AFAIK that can break because of the strict aliasing rules (although it might work in practice). Even if char can alias anything, the reverse is not true and you can't legally store other types in a static array of char type. You should be able to use anonymous memory though, so for example if you get your storeag via mmap or some other allocator it should be fine.


There isn't anything called mmap in the C standard. That's what I mean by it not being possible to implement in standard C. It is possible in some implementations of C.


> The malloc function allocates space for an object whose size is specified by size and whose value is indeterminate.

> The lifetime of an allocated object extends from the allocation until the deallocation. Each such allocation shall yield a pointer to an object disjoint from any other object.

A static array is "an object" already. A pointer to the middle of it is not a new object.


As the other person pointed out, anything that happens before main is strictly not covered by the C standard.

Even things like “printf” can’t be implemented purely in standard C. Even making a syscall is outside of the scope of the C standard.


Another source of surprise:

  4[arr] // same as arr[4]


Thanks to array decay to pointer, we basically have `*(array_label+offset)` which in this case of yours we have `*(offset+array_label)`; in other words, `*(arr+4)` is the same as `*(4+arr)`...that's it, really!


By the same principle, these are exactly the same:

  arr[i][j]
  j[i[arr]]
These are the simplifications you'd do. You only need to know that a[x][y] is equivalent to (a[x])[y], and that a[x] is the same as x[a].

  arr[i][j]
  (arr[i])[j]
  (i[arr])[j]
  j[i[arr]]


The final obfuscated code snippet in the article brought to light another GCC extension:

https://stackoverflow.com/questions/34559705/ternary-conditi...
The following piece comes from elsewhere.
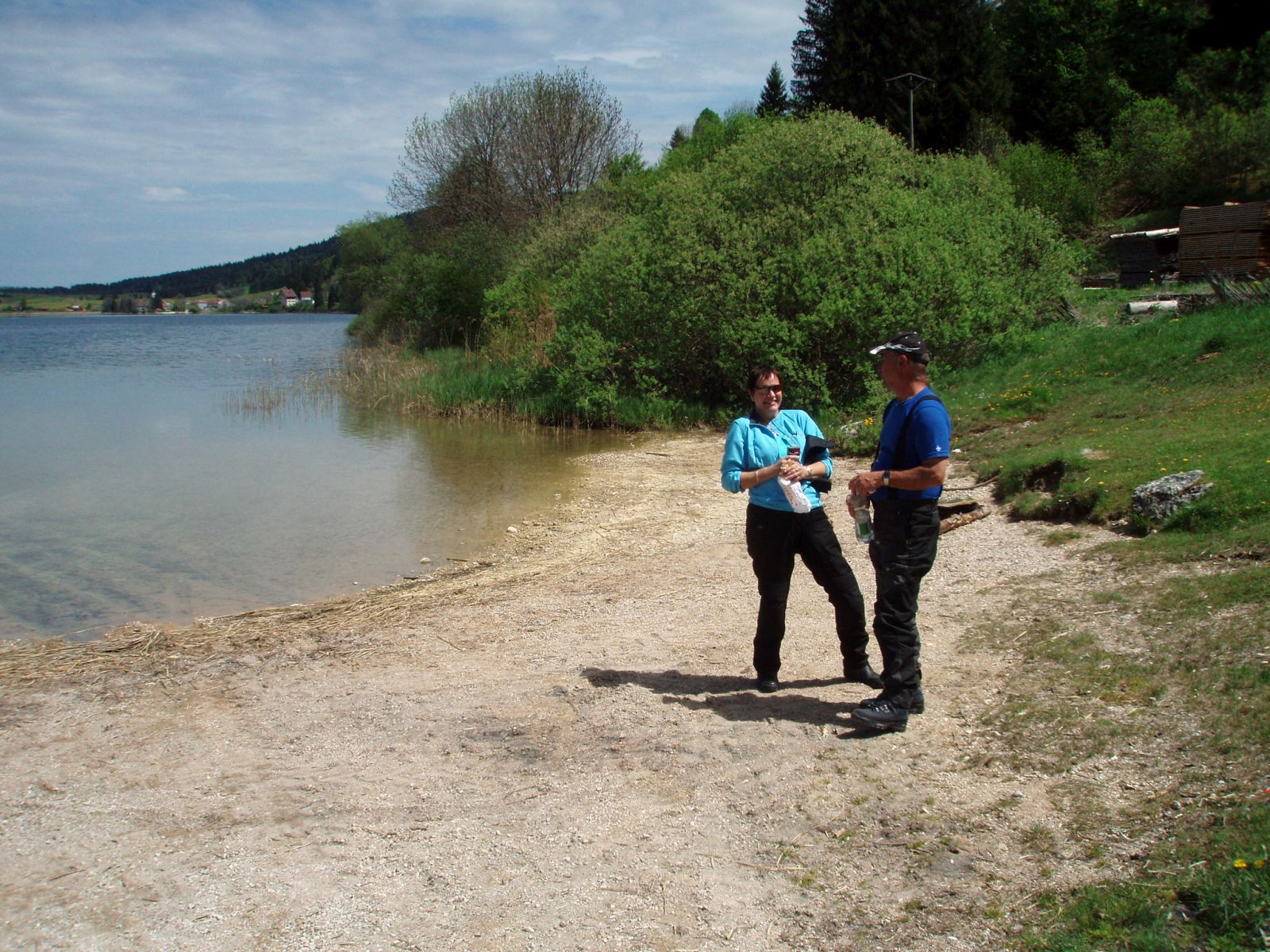 Nachdem also alle ihre Zwischenverpflegung eingekauft und in den Motorrädern verstaut hatten fuhren wir weiter dem Doubs entlang nach Pontarlier und weiter am Lac de Saint-Pont vorbei Richtung Saint-Claude. Schön gelegene Parkplätze oder viel lieber Picknickplätze waren hier leider keine zu finden. Am Lac de l'Abbaye fanden wir dann endlich etwas abseits der Strasse ein Plätzchen um unsere Sandwichs zu essen.

Found these silly tricks by the author of this blog on twitter first. Switch statement can do loops too https://twitter.com/lcamtuf/status/1807129116980007037


Also on the actually social network https://infosec.exchange/@lcamtuf/112701486085621844


aren't the switch shenanigans important to the duff's device?


Duff is relying on the fact you're allowed to intermingle the switch block and the loop in K&R C's syntax, the (common at the time but now generally frowned on or even prohibited in new languages) choice to drop-through cases if you don't explicitly break, and the related fact that C lets your loop jump back inside the switch.

Duff is trying to optimise MMIO, you wouldn't do anything close to this today even in C, not least because your MMIO is no longer similarly fast to your CPU instruction pace and for non-trivial amounts of data you have DMA (which Duff's hardware did not). In a modern language you also wouldn't treat "MMIO" as just pointer indirection, to make this stay working in C they have kept adding hacks to the type system rather than say OK, apparently this is an intrinsic, we should bake it into the freestanding mode of the stdlib.

Edited to add:

For my money the successor to Tom Duff's "Device" is WUFFS' "iterate loops" mechanism where you may specify how to partially unroll N steps of the loop, promising that this has equivalent results to running the main loop body N times but potentially faster. This makes it really easy for vectorisation to see what you're trying to do, while still handling those annoying corner cases where M % N != 0 correctly because that's the job of the tool, not the human.


> Duff is relying on the fact you're allowed to intermingle the switch block and the loop

That's just a special case of being able to intermingle switch with arbitrary syntax, which is what TFA does, before it jumps to computed gotos.


The overarching point appears to be getting rid of angle brackets, which is not something that Duff is doing. Further, Duff's device keeps case labels on the left of its control structure; moving ifs to the left is the other "innovation" here.

I think you really have to squint your eyes to see the similarities, beyond the general theme of exploiting the counterintuitive properties of switch statements.


To me the duff's device is just a mechanism to unroll a loop without having to duplicate the code for the trailing case.

While you can't use SIMD you can still benefit from instruction-level parallelism.

It's potentially better in some scenarios where you want to minimize instruction cache usage and there are few iterations of the loop.


Not sure what you mean by "hacks to the type system". All modern computing essentially converged to unified memory, which is exactly C's model.


While it's convenient technically to have unified memory and so it makes a lot of sense for your machine code, in fact the MMIO isn't just memory, and so to make this work anyway in the C abstract machine they invented the "volatile" qualifier. (I assume you weren't involved back then?)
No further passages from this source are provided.